• WHAT THE TASK ASKS: Word for word, return each entry that follows, with every image removed.

----------

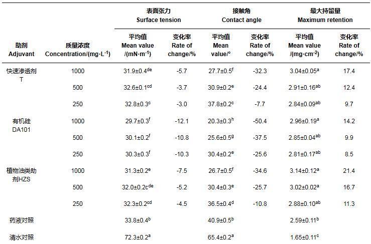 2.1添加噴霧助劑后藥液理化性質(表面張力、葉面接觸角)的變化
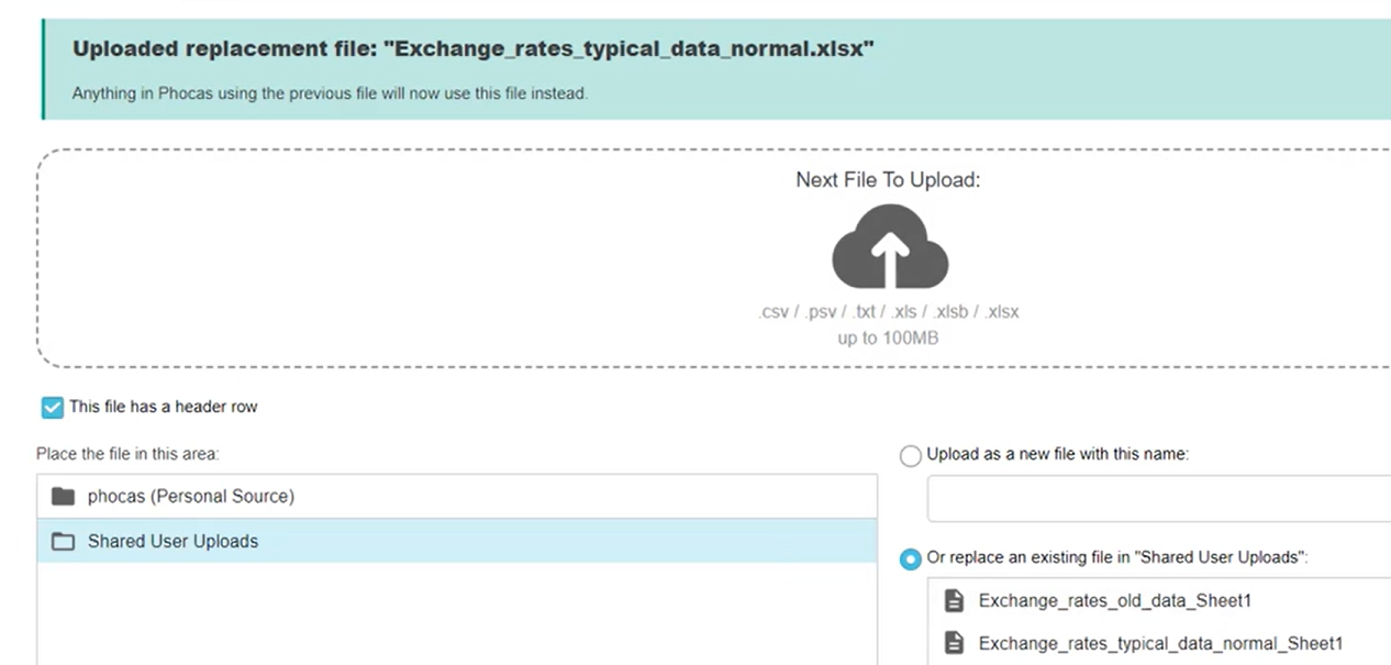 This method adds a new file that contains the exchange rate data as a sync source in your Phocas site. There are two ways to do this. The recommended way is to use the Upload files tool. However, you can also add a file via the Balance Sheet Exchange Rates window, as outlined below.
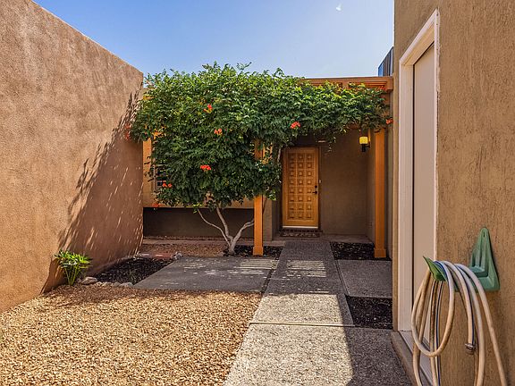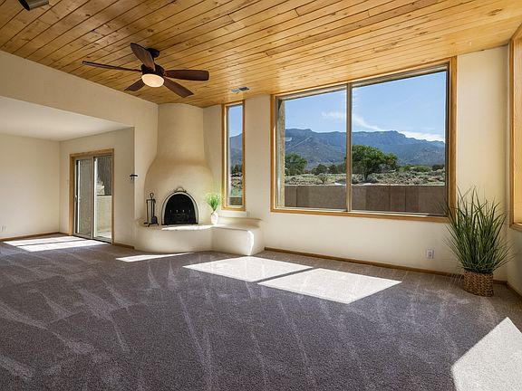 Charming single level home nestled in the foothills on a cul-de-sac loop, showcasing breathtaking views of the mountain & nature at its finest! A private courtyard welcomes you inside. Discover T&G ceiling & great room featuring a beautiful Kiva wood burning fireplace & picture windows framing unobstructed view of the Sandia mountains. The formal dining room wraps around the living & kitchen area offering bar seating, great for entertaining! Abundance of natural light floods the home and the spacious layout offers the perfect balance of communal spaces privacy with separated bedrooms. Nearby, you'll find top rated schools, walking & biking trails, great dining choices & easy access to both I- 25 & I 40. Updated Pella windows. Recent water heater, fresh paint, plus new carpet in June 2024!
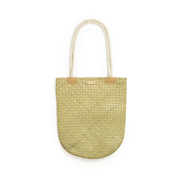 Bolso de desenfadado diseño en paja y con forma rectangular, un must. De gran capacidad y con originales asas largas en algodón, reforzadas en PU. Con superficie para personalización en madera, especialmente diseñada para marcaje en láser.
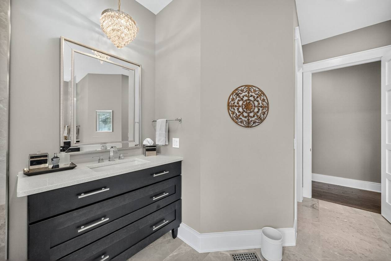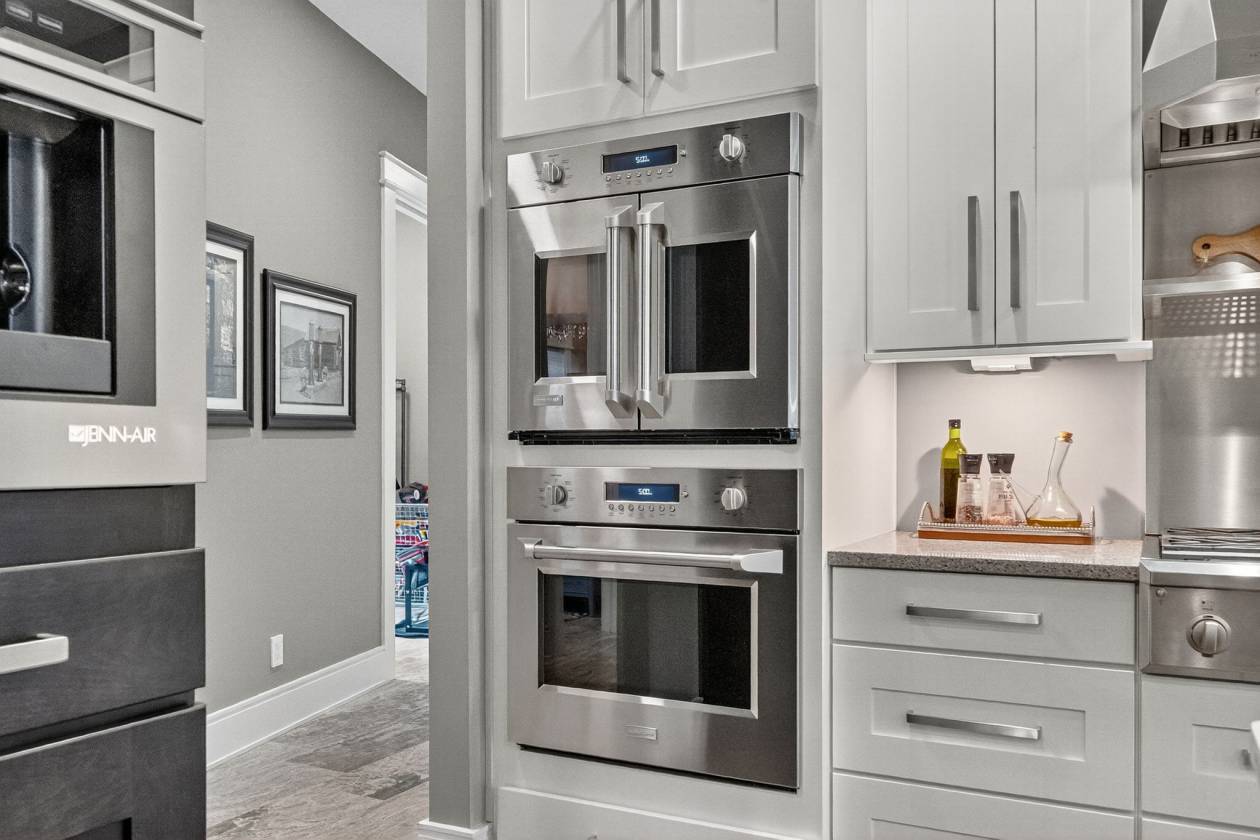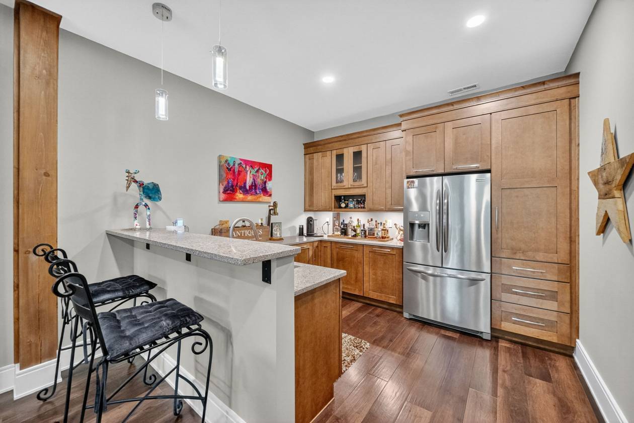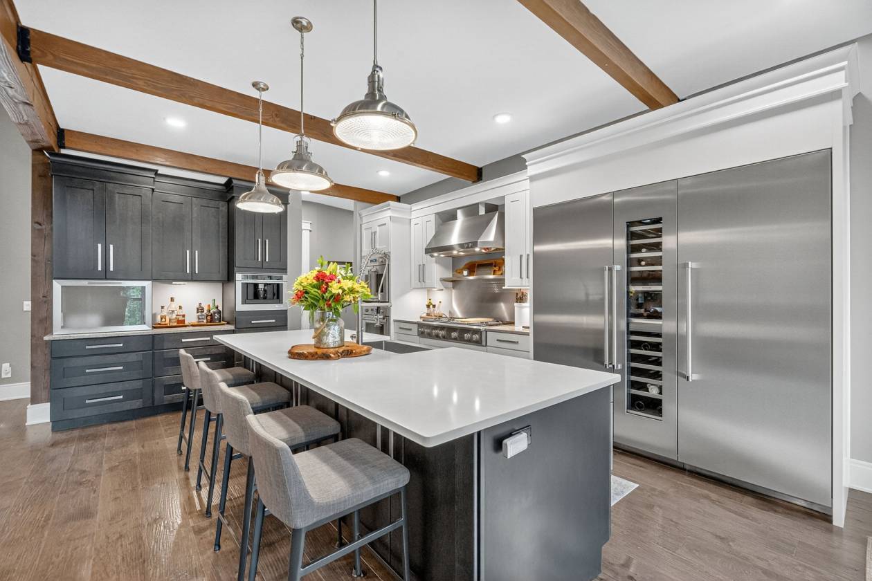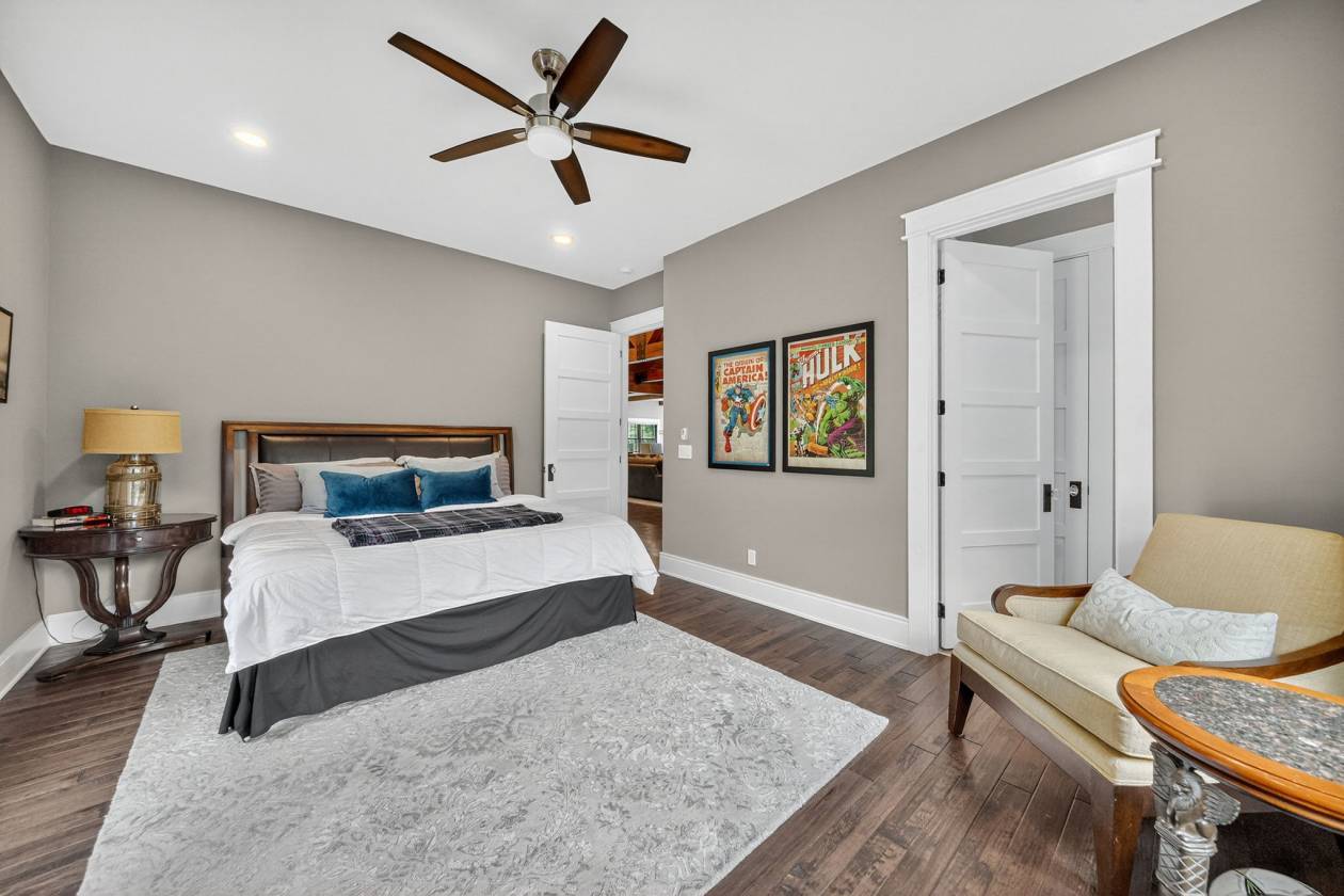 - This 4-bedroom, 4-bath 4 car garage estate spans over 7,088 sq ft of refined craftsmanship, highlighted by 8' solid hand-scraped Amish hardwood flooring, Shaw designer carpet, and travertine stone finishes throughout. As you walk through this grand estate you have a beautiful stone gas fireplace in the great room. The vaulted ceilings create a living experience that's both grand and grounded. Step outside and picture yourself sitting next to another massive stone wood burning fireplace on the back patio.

----------

• REPLY TO THE TASK:
 2.1添加噴霧助劑后藥液理化性質(表面張力、葉面接觸角)的變化
 This method adds a new file that contains the exchange rate data as a sync source in your Phocas site. There are two ways to do this. The recommended way is to use the Upload files tool. However, you can also add a file via the Balance Sheet Exchange Rates window, as outlined below.
 Charming single level home nestled in the foothills on a cul-de-sac loop, showcasing breathtaking views of the mountain & nature at its finest! A private courtyard welcomes you inside. Discover T&G ceiling & great room featuring a beautiful Kiva wood burning fireplace & picture windows framing unobstructed view of the Sandia mountains. The formal dining room wraps around the living & kitchen area offering bar seating, great for entertaining! Abundance of natural light floods the home and the spacious layout offers the perfect balance of communal spaces privacy with separated bedrooms. Nearby, you'll find top rated schools, walking & biking trails, great dining choices & easy access to both I- 25 & I 40. Updated Pella windows. Recent water heater, fresh paint, plus new carpet in June 2024!
 Bolso de desenfadado diseño en paja y con forma rectangular, un must. De gran capacidad y con originales asas largas en algodón, reforzadas en PU. Con superficie para personalización en madera, especialmente diseñada para marcaje en láser.
 - This 4-bedroom, 4-bath 4 car garage estate spans over 7,088 sq ft of refined craftsmanship, highlighted by 8' solid hand-scraped Amish hardwood flooring, Shaw designer carpet, and travertine stone finishes throughout. As you walk through this grand estate you have a beautiful stone gas fireplace in the great room. The vaulted ceilings create a living experience that's both grand and grounded. Step outside and picture yourself sitting next to another massive stone wood burning fireplace on the back patio.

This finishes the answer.